The appellant, Joseph Poretto, appeared as a witness before said special committee, and refused to answer a number of questions propounded to him by the committee, assigning in each instance, as his reason for refusal, that an answer would tend to incriminate him. On March 28, 1951, the appellant was indicted in 26 counts for contempt of the United States Senate, in violation of Section 192, Title 2, of the United States Code Annotated. A motion to dismiss the indictment was overruled, a plea of not guilty entered, a trial by jury waived, and a trial had before the court, which found appellant not justified on 12 counts in his claim of privilege against self-incrimination, but not guilty on the other 14 counts of the indictment. The counts upon which appellant was indicted, the questions that he refused to answer, and the findings of the court thereon, were as follows:
The appellant did not voluntarily appear as a witness before the committee, and the testimony that he gave was under compulsion. He did not waive his privilege against self-incrimination by allegations verified by him in 1946 in prior suits. The constitutional privilege attaches to the witness in each particular case in which he is called upon to testify, without reference to his declarations at some other time or place or in some other proceeding. New federal criminal laws have been enacted in the interim between 1946 and 1951. New situations have arisen; new grounds for apprehension against self-incrimination confronted the appellant. His situation was not that of a defendant taking the stand in a criminal case. The defendant in a criminal prosecution against himself cannot be compelled to take the witness stand; but, if he voluntarily does so, he waives the privilege against self-incrimination by the mere act of offering himself as a witness in his own behalf. An ordinary witness, such as appellant, has no choice; he is compelled to appear as a witness, be sworn, and take the stand. As stated by the Supreme Court, the waiver of the privilege against self-incrimination is not lightly to be presumed. Smith v. United States, 337 U.S. 137, 150, 69 S.Ct. 1000, 1007, 93 L.Ed. 1264. See also Glasser v. United States, 315 U.S. 60, 69, 70, 62 S. Ct. 457, 464, 86 L.Ed. 680.

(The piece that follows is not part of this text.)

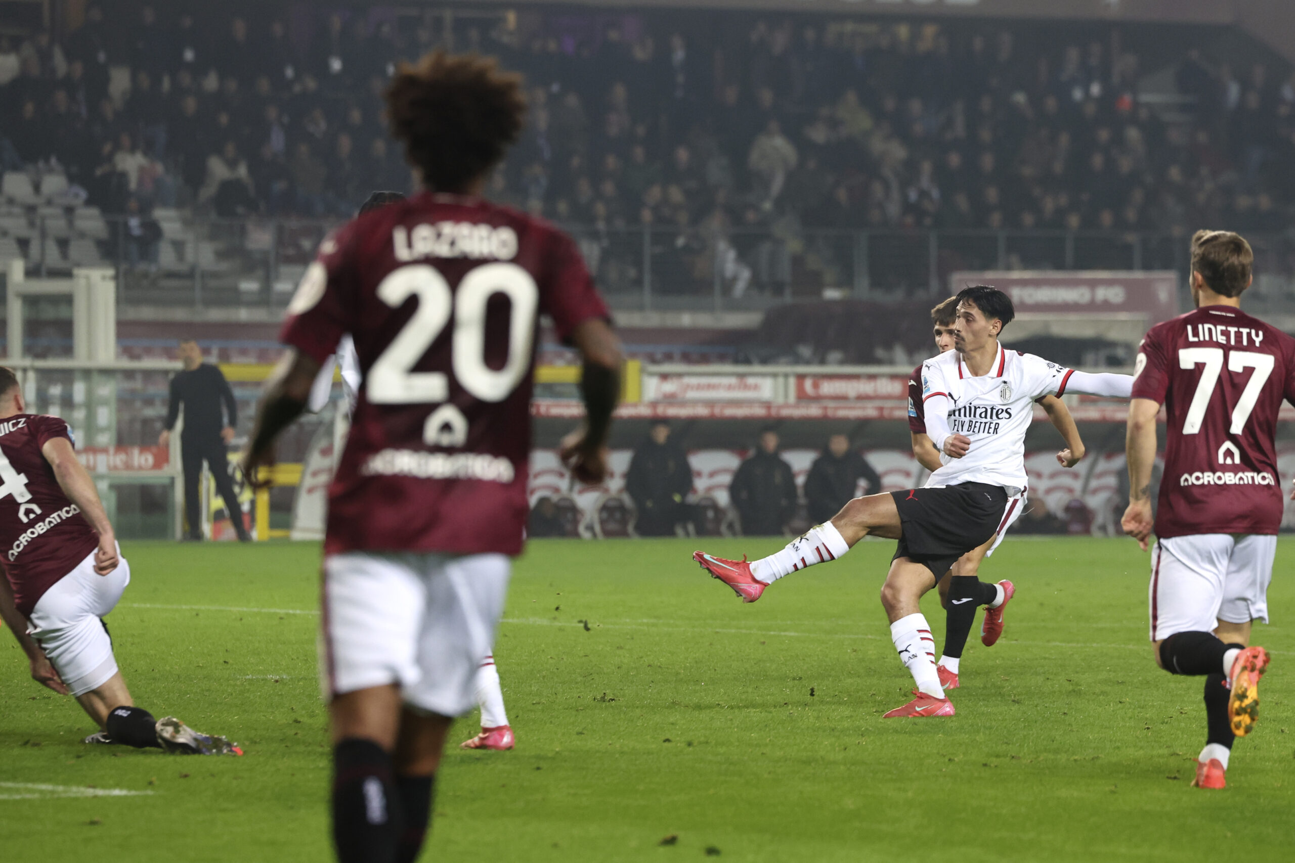 TURIN, ITALY - FEBRUARY 22: Tijjani Reijnders of AC Milan scores his team's equalizing goal during the Serie A match between Torino and AC Milan at Stadio Olimpico di Torino on February 22, 2025 in Turin, Italy. (Photo by Claudio Villa/AC Milan via Getty Images)

The 12 questions in the counts on which appellant was convicted were interspersed with 14 others that he was adjudged not guilty of refusing to answer; and the entire 26 in the indictment against him were imbedded in an extended examination of him as a witness at a hearing which was concluded by the Chairman telling him that he appeared to be one of the worst characters that had appeared before the committee. This hearing was preceded by two weeks or more of newspaper publicity about Poretto as a member of a national racket gang and other criminal organizations, together with much prominence about his private life. The Chairman also read to the witness a report about his connections with a so-called Chicago mob and about his having...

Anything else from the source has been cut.